Segment Start: INFORMATION PROVIDED

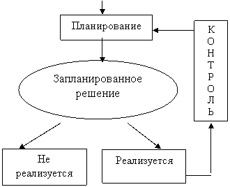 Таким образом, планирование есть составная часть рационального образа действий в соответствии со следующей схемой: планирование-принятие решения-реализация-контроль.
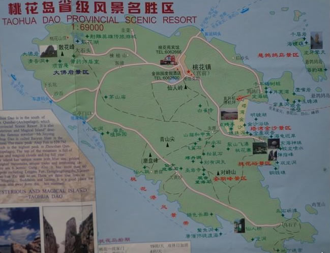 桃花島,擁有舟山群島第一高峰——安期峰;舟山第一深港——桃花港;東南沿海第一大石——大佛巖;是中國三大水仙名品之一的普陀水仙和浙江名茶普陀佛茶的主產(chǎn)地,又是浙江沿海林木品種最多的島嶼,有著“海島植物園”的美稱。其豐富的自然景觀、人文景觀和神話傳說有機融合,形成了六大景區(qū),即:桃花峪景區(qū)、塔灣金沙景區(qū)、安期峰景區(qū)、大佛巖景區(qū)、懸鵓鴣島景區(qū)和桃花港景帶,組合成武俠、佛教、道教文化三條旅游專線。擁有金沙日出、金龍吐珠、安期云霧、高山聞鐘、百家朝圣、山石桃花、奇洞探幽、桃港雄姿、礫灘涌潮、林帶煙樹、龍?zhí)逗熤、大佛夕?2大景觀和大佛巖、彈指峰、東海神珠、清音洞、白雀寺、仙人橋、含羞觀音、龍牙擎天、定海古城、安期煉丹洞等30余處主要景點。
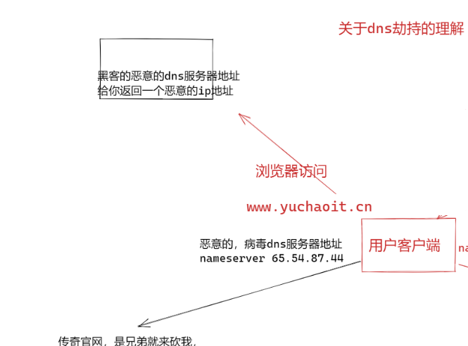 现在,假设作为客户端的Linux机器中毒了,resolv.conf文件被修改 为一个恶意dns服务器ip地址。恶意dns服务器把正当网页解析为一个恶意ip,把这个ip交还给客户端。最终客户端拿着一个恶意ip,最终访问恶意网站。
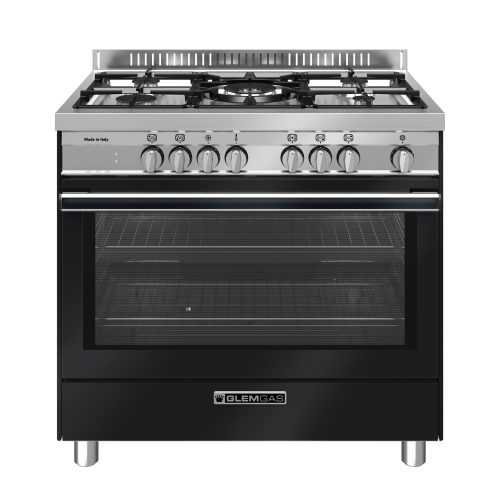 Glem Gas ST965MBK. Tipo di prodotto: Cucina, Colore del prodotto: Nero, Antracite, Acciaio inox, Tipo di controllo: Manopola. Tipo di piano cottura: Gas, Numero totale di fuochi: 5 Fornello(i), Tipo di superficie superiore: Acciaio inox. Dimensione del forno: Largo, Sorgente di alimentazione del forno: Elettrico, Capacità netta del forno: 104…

Segment End: INFORMATION PROVIDED

- PROMPT
Copy the full listing above exactly, apart from the pictures.

- PROBLEM SOLUTION
 Таким образом, планирование есть составная часть рационального образа действий в соответствии со следующей схемой: планирование-принятие решения-реализация-контроль.
 桃花島,擁有舟山群島第一高峰——安期峰;舟山第一深港——桃花港;東南沿海第一大石——大佛巖;是中國三大水仙名品之一的普陀水仙和浙江名茶普陀佛茶的主產(chǎn)地,又是浙江沿海林木品種最多的島嶼,有著“海島植物園”的美稱。其豐富的自然景觀、人文景觀和神話傳說有機融合,形成了六大景區(qū),即:桃花峪景區(qū)、塔灣金沙景區(qū)、安期峰景區(qū)、大佛巖景區(qū)、懸鵓鴣島景區(qū)和桃花港景帶,組合成武俠、佛教、道教文化三條旅游專線。擁有金沙日出、金龍吐珠、安期云霧、高山聞鐘、百家朝圣、山石桃花、奇洞探幽、桃港雄姿、礫灘涌潮、林帶煙樹、龍?zhí)逗熤、大佛夕?2大景觀和大佛巖、彈指峰、東海神珠、清音洞、白雀寺、仙人橋、含羞觀音、龍牙擎天、定海古城、安期煉丹洞等30余處主要景點。
 现在,假设作为客户端的Linux机器中毒了,resolv.conf文件被修改 为一个恶意dns服务器ip地址。恶意dns服务器把正当网页解析为一个恶意ip,把这个ip交还给客户端。最终客户端拿着一个恶意ip,最终访问恶意网站。
 Glem Gas ST965MBK. Tipo di prodotto: Cucina, Colore del prodotto: Nero, Antracite, Acciaio inox, Tipo di controllo: Manopola. Tipo di piano cottura: Gas, Numero totale di fuochi: 5 Fornello(i), Tipo di superficie superiore: Acciaio inox. Dimensione del forno: Largo, Sorgente di alimentazione del forno: Elettrico, Capacità netta del forno: 104…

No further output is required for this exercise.